What you should do >> Transcribe the records below from the first line to the line that includes "Peaceful and serene, the", inclusive, and omit the pictures.

Available data >>
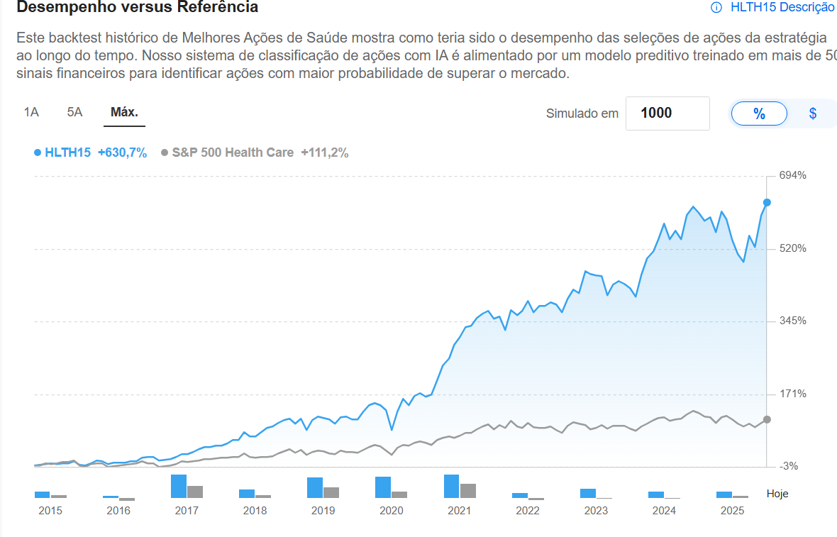 O backtest de 10 anos dessa estratégia mostra retorno superior a 630%, superando em 519% o índice S&P 500 Healthcare. Lançada ontem em condições reais de mercado, ela apresenta perfil de risco classificado como “baixo”.
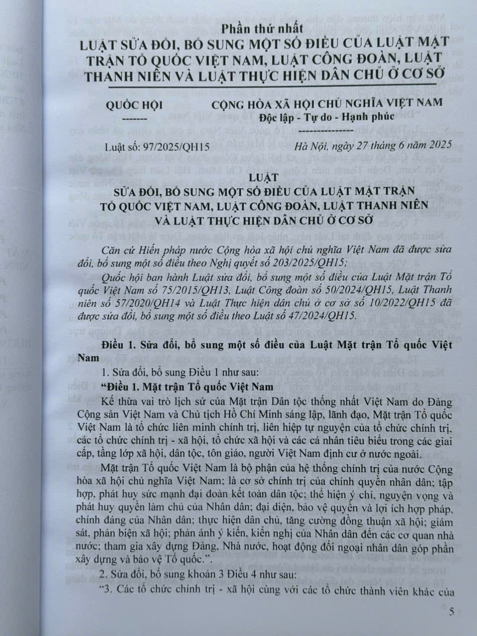 Ngày 27 tháng 6 năm 2025 tại Kỳ họp thứ 9 khóa XV, Quốc hội nước Cộng hòa xã hội chủ nghĩa Việt Nam đã ban hành Luật sửa đổi, bổ sung một số điều của Luật Mặt trận Tổ quốc Việt Nam số 75/2015/QH13, Luật Công đoàn số 50/2024/QH15, Luật Thanh niên số 57/2020/QH14 và Luật Thực hiện dân chủ ở cơ sở số 10/2022/QH15 đã được sửa đổi, bổ sung một số điều theo Luật số 47/2024/QH15.
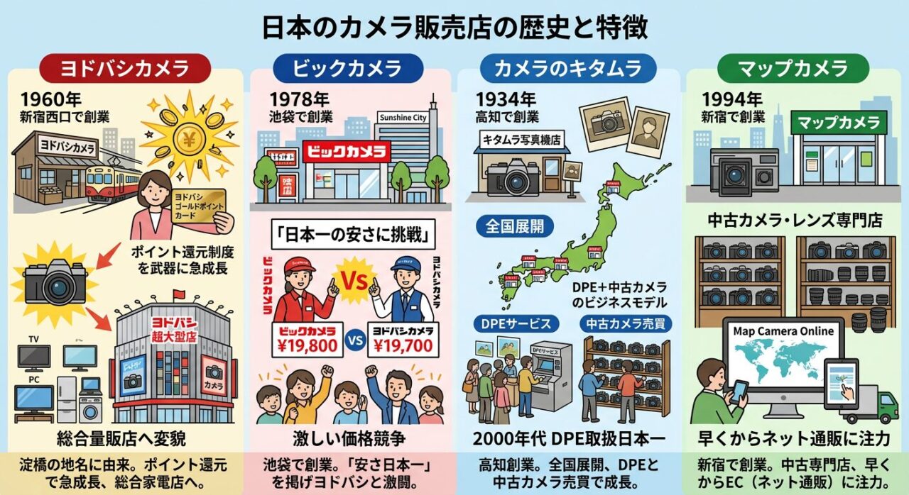 - カメラのキタムラ:1934年に高知で創業した写真機店が母体。全国にフランチャイズ展開し、DPEサービスと中古カメラ売買を組み合わせたビジネスモデルで、2000年代にはDPE取扱店舗数日本一を誇った。
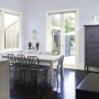 Peaceful and serene, the marriage of three very light colours gives this dining room a sense of tranquility. On the walls the owners have used Resene Ecru White, a classic barely-there beige with a tiny shot of green. Contrasting beautifully, crisp, cool Resene Black White makes the trims stand out.
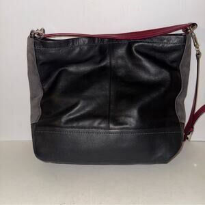✨️ Coach Park Quilted Colorblock Hobo ✨️ Style No.: F24981 ✨️ Beautiful burgundy Quilted front pocket with turnlock ✨️ Smooth black leather with dark gray suede sides and silver hardware ✨️ Interior is a beautiful burgundy color with 2 slip pockets and 1 zippered pocket and a zip top closure ✨️ Approx. Measurements: 14" L × 13" H × 3" D
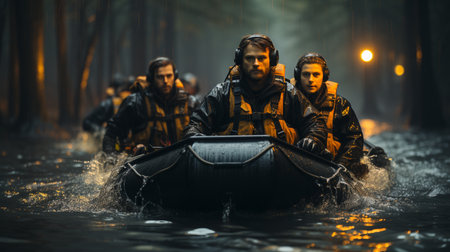 Rescuers search for people trapped in floods using rubber boat. Generative AI
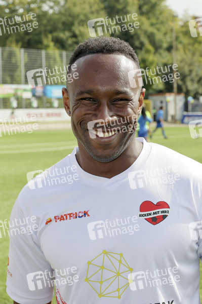 Jerry Kwarteng beim Benefiz-Fußballspiel 'Kicken mit Herz' 2024 zu Gunsten des Herzzentrums des UKE im Stadion des SC Victoria. Hamburg, 08.09.2024
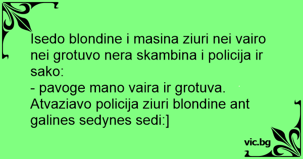 Isedo blondine i masina ziuri nei vairo nei grotuvo nera skambina i policija ir sako: - pavoge mano vaira ir grotuva. Atvaziavo policija ziuri blondine ant galines sedynes sedi:]

Solution to the exercise >>
 O backtest de 10 anos dessa estratégia mostra retorno superior a 630%, superando em 519% o índice S&P 500 Healthcare. Lançada ontem em condições reais de mercado, ela apresenta perfil de risco classificado como “baixo”.
 Ngày 27 tháng 6 năm 2025 tại Kỳ họp thứ 9 khóa XV, Quốc hội nước Cộng hòa xã hội chủ nghĩa Việt Nam đã ban hành Luật sửa đổi, bổ sung một số điều của Luật Mặt trận Tổ quốc Việt Nam số 75/2015/QH13, Luật Công đoàn số 50/2024/QH15, Luật Thanh niên số 57/2020/QH14 và Luật Thực hiện dân chủ ở cơ sở số 10/2022/QH15 đã được sửa đổi, bổ sung một số điều theo Luật số 47/2024/QH15.
 - カメラのキタムラ:1934年に高知で創業した写真機店が母体。全国にフランチャイズ展開し、DPEサービスと中古カメラ売買を組み合わせたビジネスモデルで、2000年代にはDPE取扱店舗数日本一を誇った。
 Peaceful and serene, the marriage of three very light colours gives this dining room a sense of tranquility. On the walls the owners have used Resene Ecru White, a classic barely-there beige with a tiny shot of green. Contrasting beautifully, crisp, cool Resene Black White makes the trims stand out.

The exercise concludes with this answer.